Граф довольно ухмыляется — что не очень-то хорошо сочетается с моими словами.
— Нет, не погибли — они исчезли. Я думаю, они сбежали. Были такими же ворами, как и вы. Наверное, именно это совпадение вначале и удержало меня от звонка в полицию, — а не ваша история. Я сентиментален к воришкам… Родители завещали мне гараж, доверху набитый дорогущим хламом, потому что просто не могли увезти его с собой, а вовсе не из-за бесконечной любви ко мне. Меня оставили на полоумного дедулю, от которого я сбежал, когда мне было двенадцать. Потом, правда, вернулся: на улице жить опасно, — да и глупо.
— Но потом вас заинтересовала и сама история, верно?
— Да, потом вы подкинули парочку любопытных деталей… Сначала я подумал: если вы знаете о кольце, то, возможно, знаете и о моих родителях, от которых оно мне досталось. Но, судя по вашему лицу, вы удивлены не меньше, чем был удивлен я, когда выяснил, что документы об их смерти липовые.
— Я не знаю ничего, что помогло бы вам отыскать родителей.
— Какая выверенная формулировка ответа…
Я и в самом деле была в шоке. Но на кое-кого эта информация произведет куда более сильное впечатление…
— Почему вы так смотрите на меня? — я перевожу тему.
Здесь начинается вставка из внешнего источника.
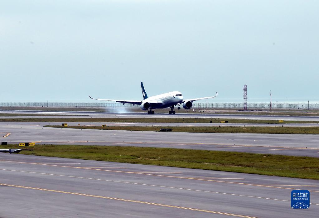 11月25日,一架客機降落香港國際機場第三跑道。(新華社記者 盧炳輝 攝)
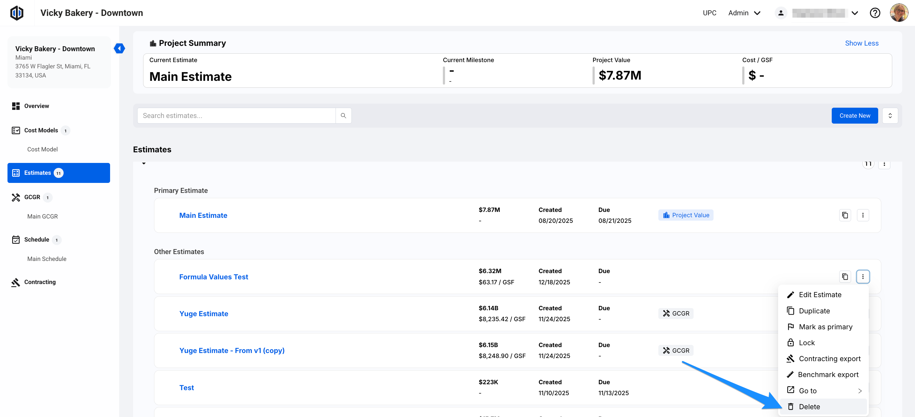 Note: Primary Estimates cannot be deleted. If you need to delete a Primary Estimate, it must be removed from Primary Status first.
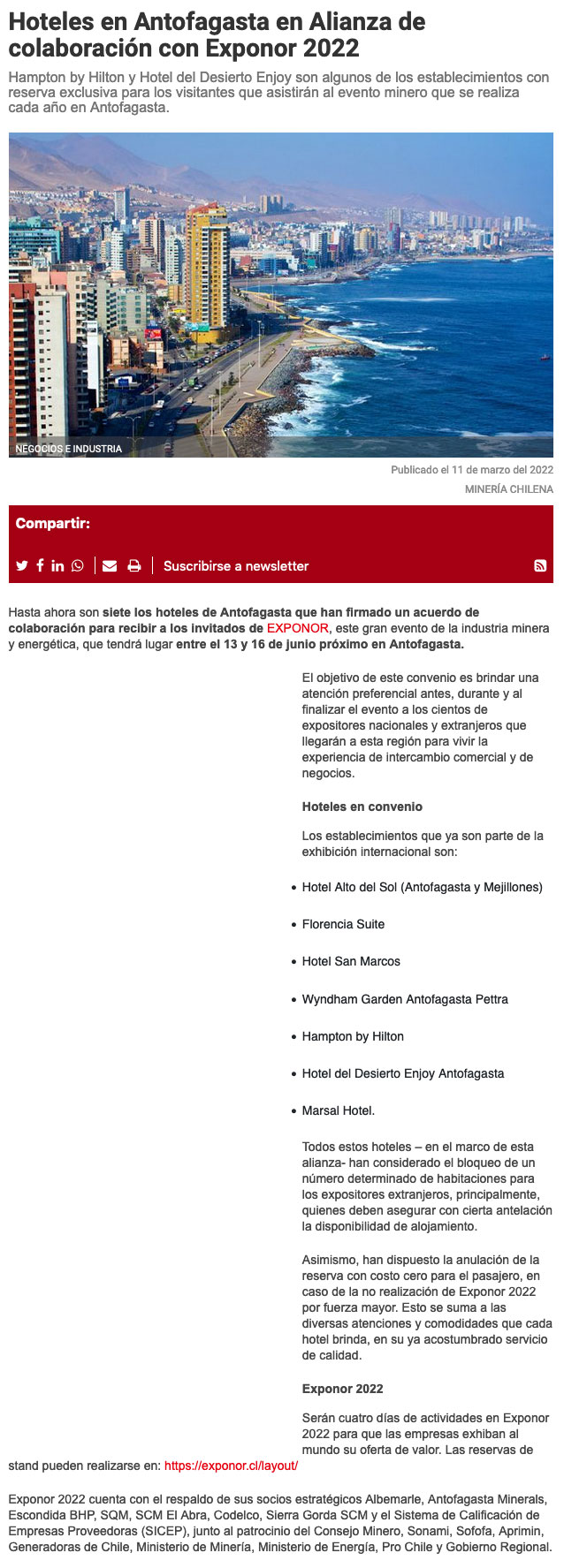 Hoteles de Antofagasta sellan alianza de colaboración con Exponor 2022 - (El Mercurio de Antofagasta)
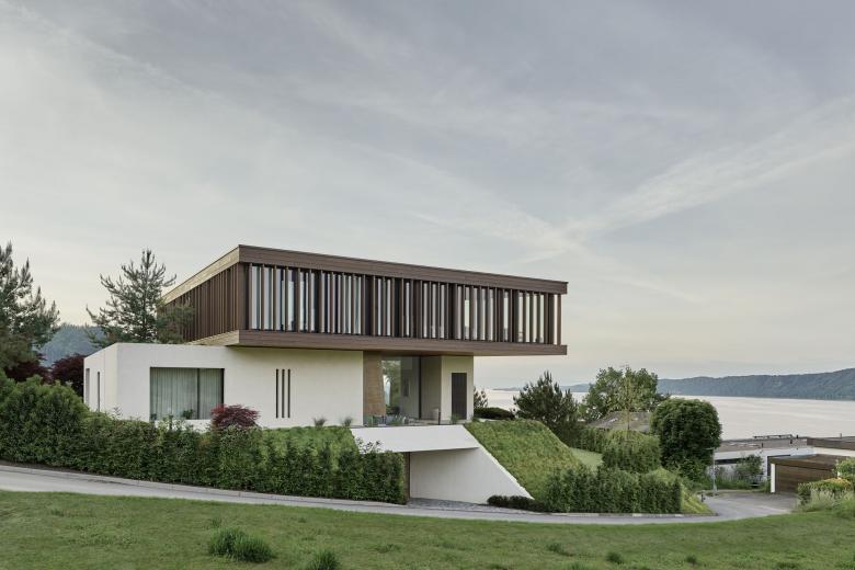 Die skulpturale Bauform, spektakuläre Auskragungen und großflächigen Fensterwände eröffnen atemberaubende Ausblicke auf den Bodensee und die umliegende Landschaft. Die abwechslungsreiche und dynamische Komposition der Baukörper erzeugt faszinierende Zwischenräume – und damit unerwartete, neuartige Orte zum Leben.

— Вам удивительно подходит этот дом, — подхватывает мою игру Граф.
Фыркаю.
— Надеюсь, вы не имеете в виду, что я дряхлая и всеми брошенная!
Графа улыбается, и эта редкая улыбка словно подсвечивает его изнутри. На несколько секунд он превращается в искреннего, приятного, теплого человека. Или у меня просто очень богатое воображение.
— Этот дом словно создан для вас! Я легко могу представить, как утром, завернувшись в плед, вы сидите в этой спальне, в просторном старом кресле с резными деревянными подлокотниками. Держите двумя руками большую, доверху наполненную чаем чашку. Утреннее солнце освещает вашу полуулыбку. О ноги трется толстый рыжий кот…
— Граф, да вы романтик!
— Я просто писатель.
Искренность слов, его улыбка создают особую ауру — и я иду дальше:
— Граф, вот скажите, зачем вы пишете книги, которые ломают человеческие судьбы? Ведь не только ради денег — у вас шикарное наследство, пусть и ворованное. И не из-за жажды справедливости — женщина, продававшая свое тело мужчинам, — не самая злостная преступница в мире. А вы не просто ее изобличили. Сначала заставили ее верить вам, признались ей в любви…
— Я никогда не признавался в любви женщине, к которой этого чувства не испытывал, — теперь голос Графа звучит жестко, время откровений стремительно тает.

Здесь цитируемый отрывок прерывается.